-------- STUDY MATERIAL --------

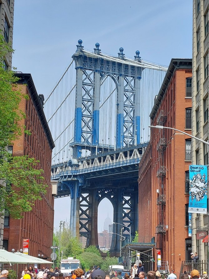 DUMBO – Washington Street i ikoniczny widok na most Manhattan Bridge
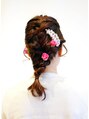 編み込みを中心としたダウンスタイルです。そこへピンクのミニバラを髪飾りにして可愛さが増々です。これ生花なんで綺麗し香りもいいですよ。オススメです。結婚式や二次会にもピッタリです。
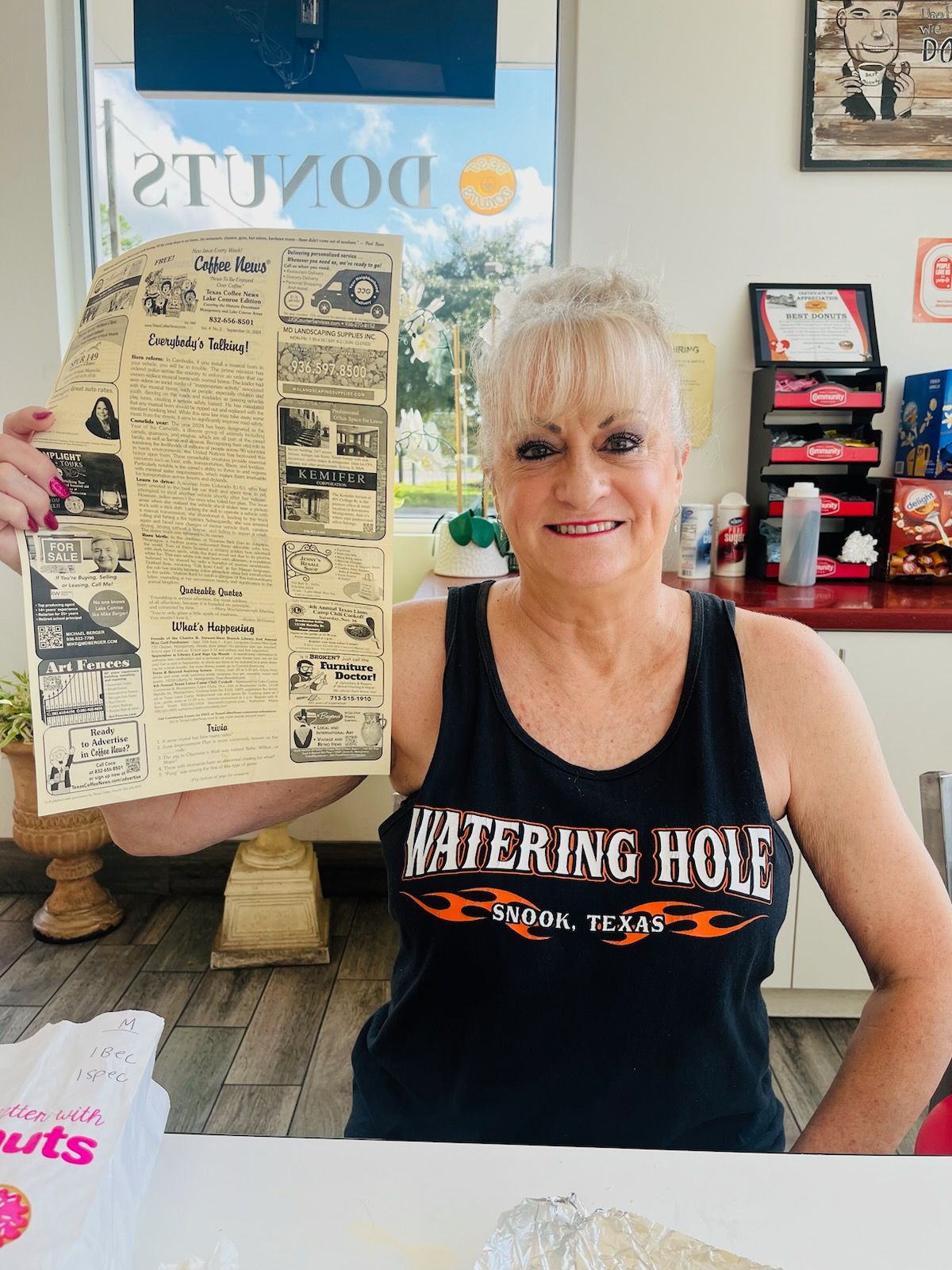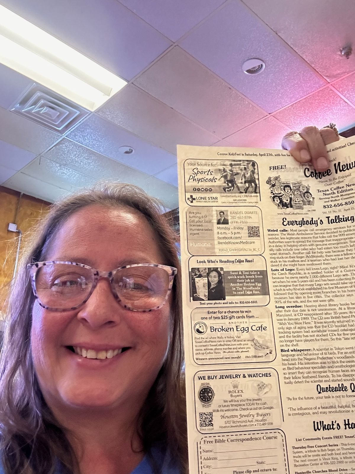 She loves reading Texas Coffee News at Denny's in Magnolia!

--------
-------- STUDY MATERIAL --------

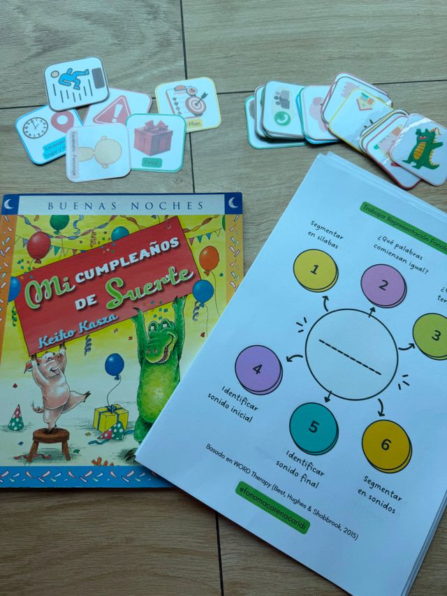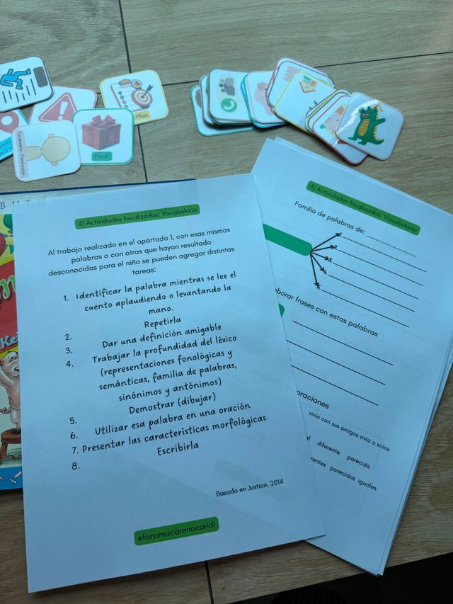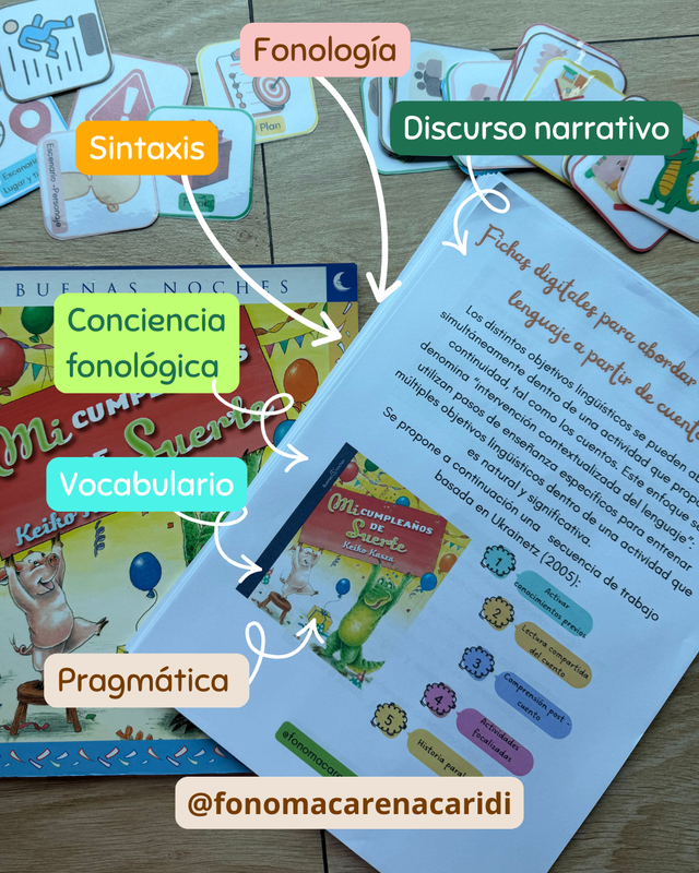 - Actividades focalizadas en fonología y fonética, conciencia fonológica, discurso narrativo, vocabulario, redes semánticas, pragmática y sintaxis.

--------

## WORK REQUEST
Print exactly the lines above that run from the one with "編み込みを中心としたダウンス" down to the one with "She loves reading", and omit the pictures.

## EXERCISE ANSWER
 編み込みを中心としたダウンスタイルです。そこへピンクのミニバラを髪飾りにして可愛さが増々です。これ生花なんで綺麗し香りもいいですよ。オススメです。結婚式や二次会にもピッタリです。
 She loves reading Texas Coffee News at Denny's in Magnolia!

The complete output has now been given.